Accordingly, in this paper, we propose a multi-entity temporal feature-based spam detection model (MTFSD). After obtaining the text and behavioral features of reviews, MTFSD uses LSTM to automatically learn temporal features for each review by considering the latest reviews for the user entity or product entity. Finally, MTFSD merges these learned features to mine the relationships between different entities so as to distinguish between normal and fake reviews. Experimental results show that MTFSD achieves better spam detection performance compares with other methods.

In summary, the main contributions of this paper include the following:

•    The proposed method effectively learns the dynamic temporal features via LSTM. These temporal features can effectively capture the relevance among the related reviews and the internal characteristics of a review.

•    The proposed method provides an effective way to learn comprehensive fusion features from the perspective of multiple entities in order to detect fake reviews.

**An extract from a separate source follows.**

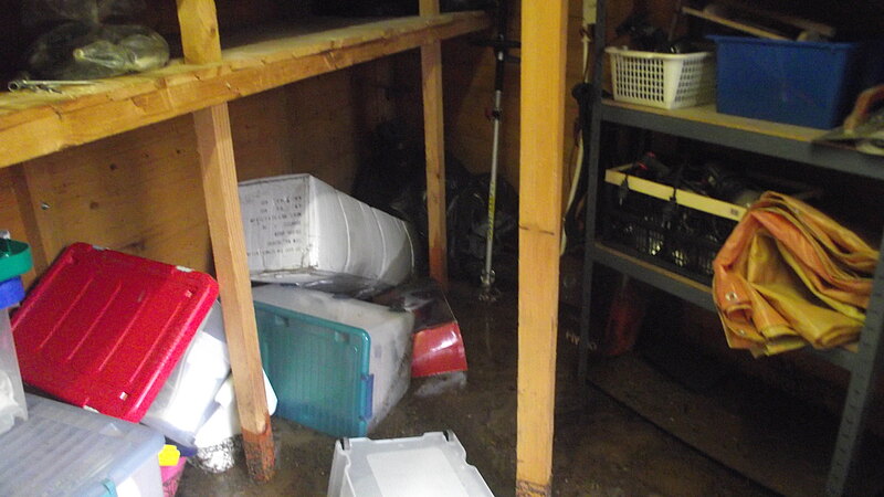 In den nächsten Tagen waren die Aufräumarbeiten dann sehr unangenehm, da sich in den Schuppen eine mehrere Zentimeter starke stinkende Lehmschicht unter die hier abgestellten Geräte und Plastikbehälter geschoben hatte. Wenngleich die Plastikkisten wasserdicht waren, geschah es aber dann doch, dass diese durch die Flut 20 cm angehoben wurden und dann umkippten, um sich dann endlich doch noch mit Wasser zu füllen.

These comprehensive fusion features enable significantly better fake review detection performance.

2  Related Work

With the development of the internet technology and social networks, network and information security have attracted widespread attention [1520]. The research on spam detection in reviews began in 2008 with the work of Jindal et al. [21]. These authors collected millions of product reviews from Amazon.com. After analyzing these reviews, they divided fake reviews into three types: untruthful reviews, reviews of the brand more generally and not the product specifically, and non-reviews. Moreover, due to the lack of labels in the data, they marked duplicate reviews as fake reviews, then adopted three kinds of features: review-centered, reviewer-centered, and product-centered. Finally, they used a logistic regression model to achieve fake review detection. Since then, a number of researchers have devoted significant effort to the development and exploration of extracting effective text and behavioral features.

The study of text features can be divided into two categories: Those based on grammatical analysis and those based on semantic analysis. From the grammatical analysis perspective, text features are primarily extracted from the word frequency statistics of words or phrases, which are typically processed using a bag-of-word (BOW) model or an N-gram model. The BOW model regards the content of each review as a ‘bag’ and assumes that each word in the bag is independent, while the word order, grammar and syntax in the text are ignored; the reviews are then classified according to the words contained in the bag. For its part, N-gram uses a window of size n to slide on the text content, forming a word fragment sequence of length n. Each of these word segments is called a ‘gram’. Subsequently, the frequencies of all grams are counted and filtered in order to obtain the vector feature space of the text. Unigram, bigram, and trigram methods are commonly used in bag-of-words features [7,22]. However, the detection effect of bag-of-word features differs across different datasets [6,23].

To overcome the disadvantages associated with BOW features, subsequent works have focused on extracting text features from the part-of-speech feature analysis, which is achieved by tagging the part-of-speech of the text and counting the frequency of occurrence. While various part-of-speech features were employed in some early works [68,23], these were not systematically analyzed until the work of Li et al. [9] in 2014. Li and colleagues found that fake reviews fabricated by domain experts tend to contain more nouns, adjectives and qualifiers than real reviews, along with fewer verbs and adverbs than real reviews. Thus, through further analysis of these differences in language usage, deceptive opinion spam can be more precisely identified.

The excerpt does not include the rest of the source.